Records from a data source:

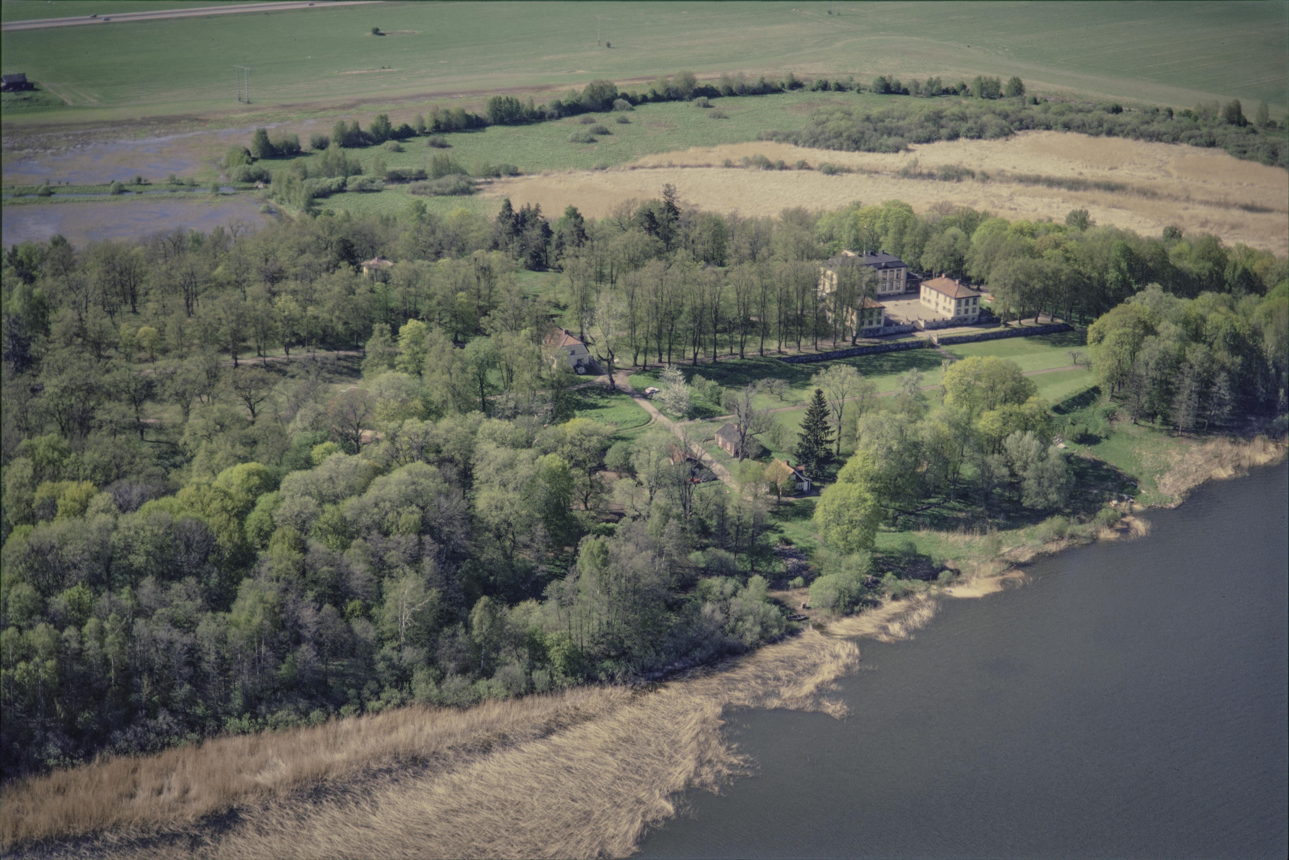 Beskrivning: Vallstanäs herrgård vid sjön Fysingen. Bilden är tagen mot (väderstreck): VNV
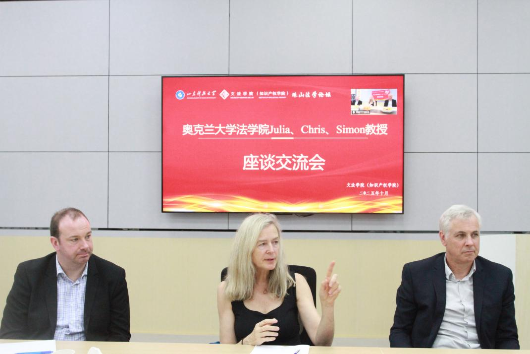 2025年10月17日下午,我院主办的新西兰奥克兰大学法学院教授座谈交流会在图书馆2楼文法分馆举行。本次座谈会采用线上线下相结合的形式,由600cc全讯白菜网副院长秘明杰主持,奥克兰大学法学院Chris、Julia、Simon三位教授应邀参会,600cc全讯白菜网院长孙法柏教授、赵丽莉教授、李宗录教授、韩天竹副教授、吴立志副教授、张禹博士等法学系教师以及部分本科生、研究生代表共同参与,围绕法律前沿议题深度对话。
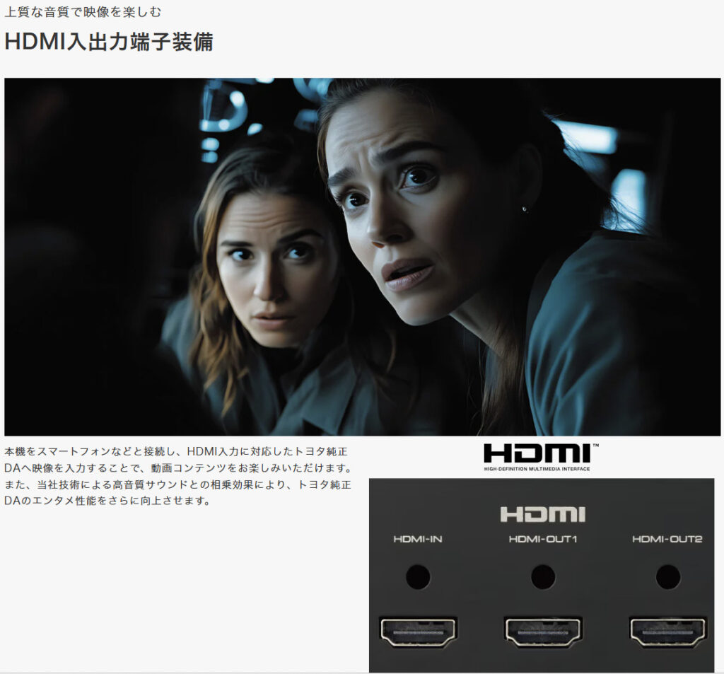 さらに見逃せないのが、HDMI入出力機能の装備です(※純正HDMI装着車のみ)。本機をスマートフォンなどと接続し、HDMI入力に対応したトヨタ純正DAへ映像を入力することで、動画コンテンツをお楽しみいただけます。また、当社技術による高音質サウンドとの相乗効果により、トヨタ純正DAのエンタメ性能をさらに向上させます。 Kenwood
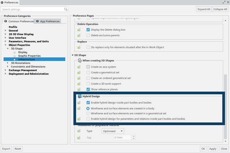 Hybrid Design can be activated/deactivated in Preferences / Common Preferences / Object Properties / 3DShape / Infrastructure
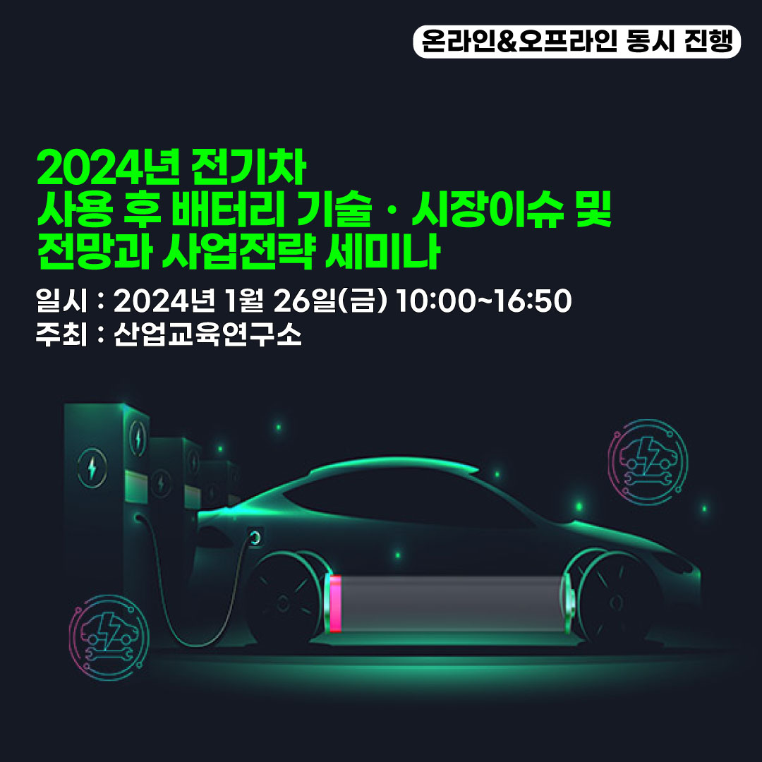 산교연은 오는 26일에 ‘2024년 전기차 사용 후 배터리 기술ㆍ시장이슈 및 전망과 사업전략 세미나’를 온·오프라인 동시 개최한다고 5일 밝혔다.
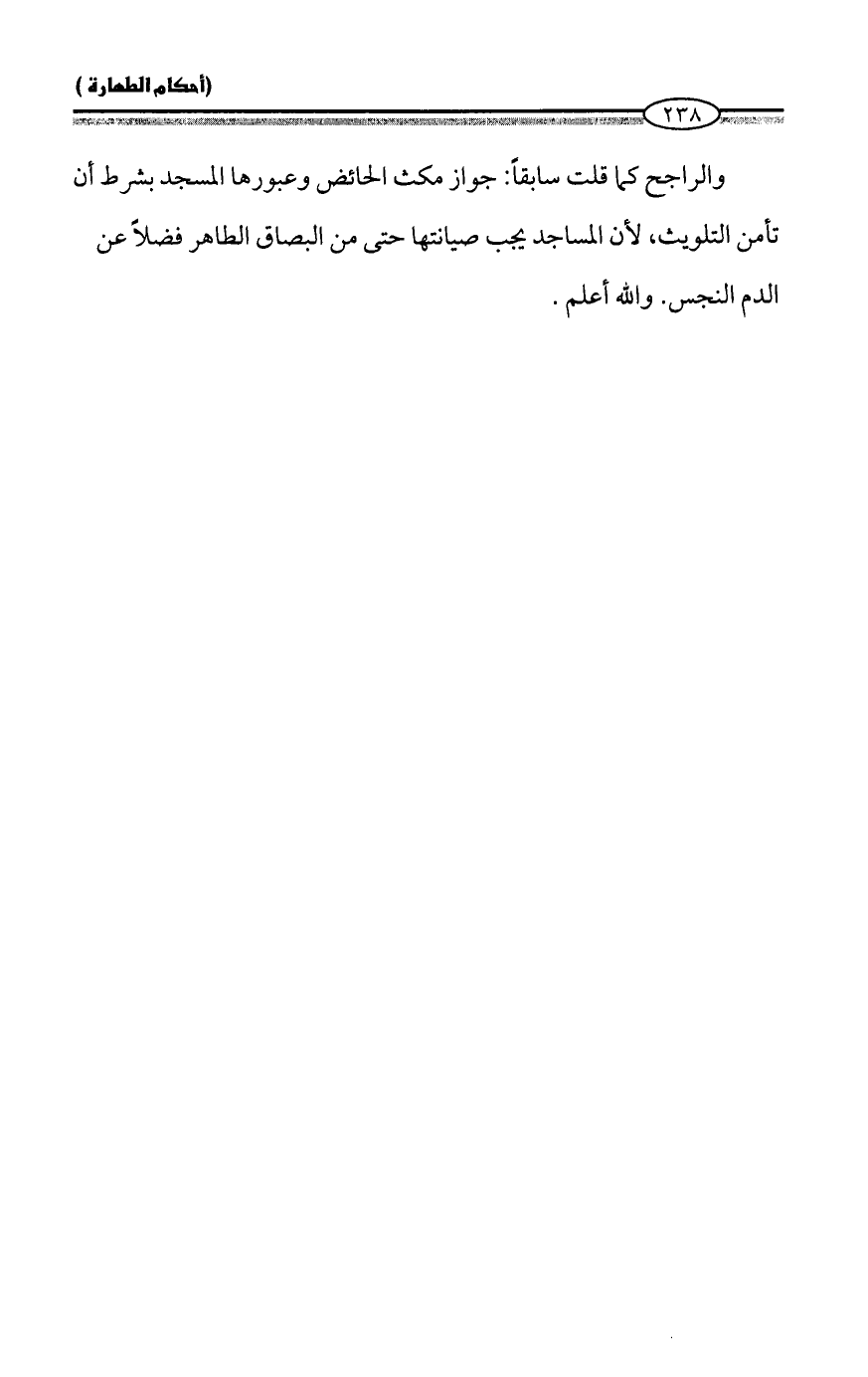 والراجح كما قلت سابقاً: جواز مكث الحائض وعبورها المسجد بشرط أن تأمن التلويث، لأن المساجد يجب صيانتها حتى من البصاق الطاهر فضلاً عن الدم النجس. والله أعلم.

**EXERCISE**
Restate, word for word and without pictures, the lines from the line containing "산교연은 오는 26일에" to the last line of the records above.

**EXERCISE RESULT**
 산교연은 오는 26일에 ‘2024년 전기차 사용 후 배터리 기술ㆍ시장이슈 및 전망과 사업전략 세미나’를 온·오프라인 동시 개최한다고 5일 밝혔다.
 والراجح كما قلت سابقاً: جواز مكث الحائض وعبورها المسجد بشرط أن تأمن التلويث، لأن المساجد يجب صيانتها حتى من البصاق الطاهر فضلاً عن الدم النجس. والله أعلم.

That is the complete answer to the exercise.